(Directions):
From the first line of the data below through the line holding "The Target %", output each line exactly and leave the pictures out.

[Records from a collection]
↓

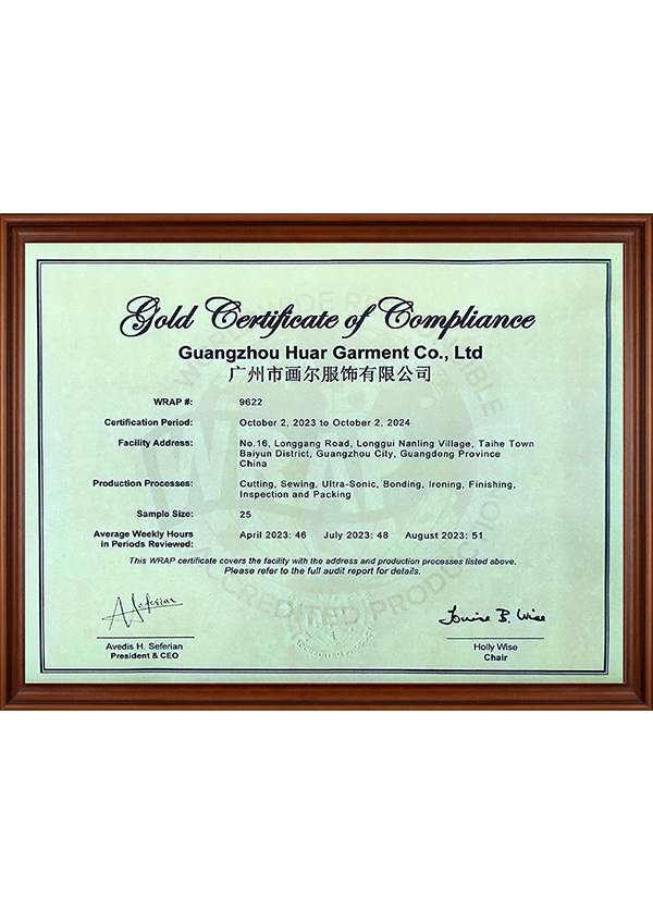 我们为所有的客户提供高品质产品和最专业的服务,同时严格遵守政府的各项法律法规,勇于承担相应的社会责任。我们拥有各种专业的资质证书:BSCI,OEKO-TEX 100 和 WRAP ,并且每年都要更新一次。我们拥有从自意大利、日本和德国进口的先进机器,包括车缝、包边无缝、刷胶和印花工艺等。
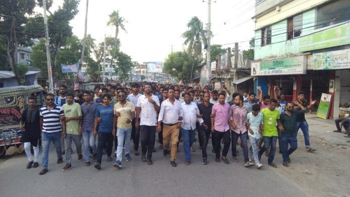 গতকাল সোমবার বিকেলে রূপগঞ্জ বাসস্ট্যান্ড থেকে মিছিল বের হয়ে শহরের গুরুত্বপূর্ণ সড়ক প্রদক্ষিণ শেষে প্রেসক্লাব চত্বরে এসে শেষ হয়। মিছিলে জাতীয়তাবাদী ছাত্রদল জেলা শাখার সভাপতি ফরিদ হোসেন বিশ^াস, ৪নং ওয়ার্ড বিএনপির সভাপতি জহুরুল ইসলাম, জেলা ছাত্রদলের সহসভাপতি বিপ্লব হাসান,জসিম উদ্দিন জোসেফ,সিনিয়র যুগ্ম সাধারণ সম্পাদক মেহেদী হাসান সবুজ, সদর উপজেলা আহবায়ক মামুন গাজী,যুগ্ম আহবায়ক হাবিবুর রহমান, খোকন শেখ, নড়াইল পৌর ছাত্রদলের সদস্য সচিব জয়নুল আবেদীন,সরকারি ভিক্টোরিয়া কলেজ ছাত্রদলের আহবায়ক আরিফ হাসান,শাহাবাদ আলিয়া মাদ্রাসার আহবায়ক রুবেল হাসান প্রমুখ উপস্থিত ছিলেন।
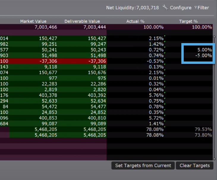 The Target % values can be cleared out by clicking on the “Clear Targets” button on the bottom right-hand side. Current Target % values may be entered in the row that you want to adjust.
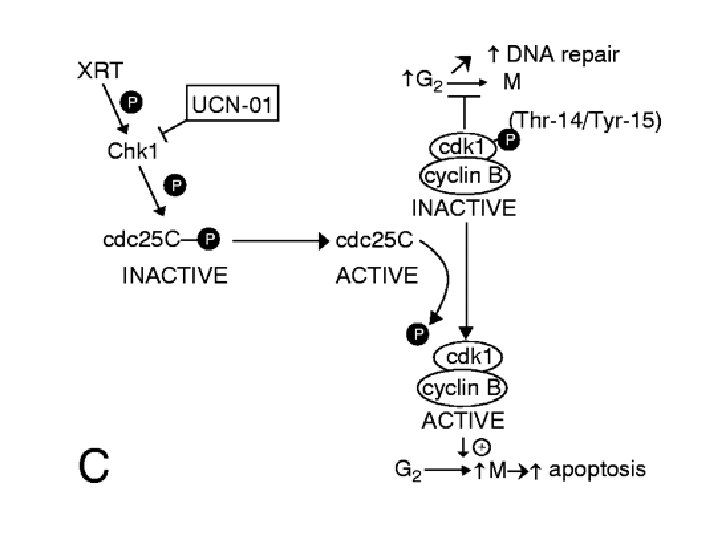 MECCANISMI D’AZIONE DI UCN-01 1. Inibizione isoforme Ca 2+-dipendenti della PKC (IC 50 = 30 n. M) 2. Inibizione isoforme Ca 2+-indipendenti della PKC (IC 50 ~ 600 n. M) 3. Arresto del ciclo cellulare inibizione CDKs aumento della sintesi di p 27 kip 1 e p 21 waf 1 4. Abolizione del checkpoint in G 2
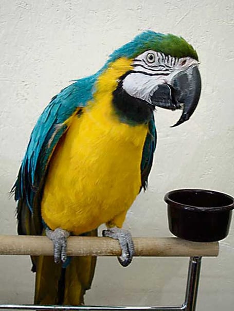 The second stolen parrot, a Yellow Crowned Amazon, approximately 14 inches in height, is called Georgie and can sing 'Happy Birthday'.
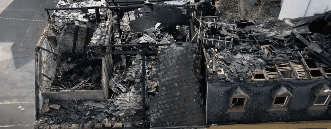 Aufgrund der Einsturzgefahr konnten die Löscharbeiten nur mittels Drehleitern von außen durchgeführt werden.
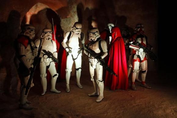 People dressed up as characters from the Star Wars movies take part in a parade during a tourism event in the Star Wars movie set at Ong Jmal, in Nefta May 3, 2014. REUTERS/Zoubeir Souissi

↑

(Solution for this problem):
 我们为所有的客户提供高品质产品和最专业的服务,同时严格遵守政府的各项法律法规,勇于承担相应的社会责任。我们拥有各种专业的资质证书:BSCI,OEKO-TEX 100 和 WRAP ,并且每年都要更新一次。我们拥有从自意大利、日本和德国进口的先进机器,包括车缝、包边无缝、刷胶和印花工艺等。
 গতকাল সোমবার বিকেলে রূপগঞ্জ বাসস্ট্যান্ড থেকে মিছিল বের হয়ে শহরের গুরুত্বপূর্ণ সড়ক প্রদক্ষিণ শেষে প্রেসক্লাব চত্বরে এসে শেষ হয়। মিছিলে জাতীয়তাবাদী ছাত্রদল জেলা শাখার সভাপতি ফরিদ হোসেন বিশ^াস, ৪নং ওয়ার্ড বিএনপির সভাপতি জহুরুল ইসলাম, জেলা ছাত্রদলের সহসভাপতি বিপ্লব হাসান,জসিম উদ্দিন জোসেফ,সিনিয়র যুগ্ম সাধারণ সম্পাদক মেহেদী হাসান সবুজ, সদর উপজেলা আহবায়ক মামুন গাজী,যুগ্ম আহবায়ক হাবিবুর রহমান, খোকন শেখ, নড়াইল পৌর ছাত্রদলের সদস্য সচিব জয়নুল আবেদীন,সরকারি ভিক্টোরিয়া কলেজ ছাত্রদলের আহবায়ক আরিফ হাসান,শাহাবাদ আলিয়া মাদ্রাসার আহবায়ক রুবেল হাসান প্রমুখ উপস্থিত ছিলেন।
 The Target % values can be cleared out by clicking on the “Clear Targets” button on the bottom right-hand side. Current Target % values may be entered in the row that you want to adjust.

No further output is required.